So I can evaluate $f(x)$ directly and I can evaluate $f(x)$ using the recursion formula.

Now, in the recursion formula when $x$ is close to $0$ we substract two nearly equal numbers (in my specific example), so we get loss of significance.

The task is: Analyze the round-off errors for small $x$ in double-arithmetic.
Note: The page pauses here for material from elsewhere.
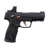 Mit einem grösseren Formfaktor als die P365 konzipiert, bietet die P322ROSE ROMEORS mehr Auflagefläche für einen sicheren Griff sowie zusätzliches Gewicht, um den gefühlten Rückstoss nahezu vollständig zu eliminieren. Die Pistole ist serienmässig mit einer ROSE ROMEORS Optik ausgestattet, die eine schnellere und intuitivere Zielerfassung ermöglicht und von Beginn an richtige visuelle Grundtechniken unterstützt.

What are the round-off errors? Is it the absolute difference of $f(x)$ evaluated directly and $f(x)$ evaluated using the recursion?

I would do this using a computer algebra system. Does double arithmetic simply mean that I input my $x$ as double?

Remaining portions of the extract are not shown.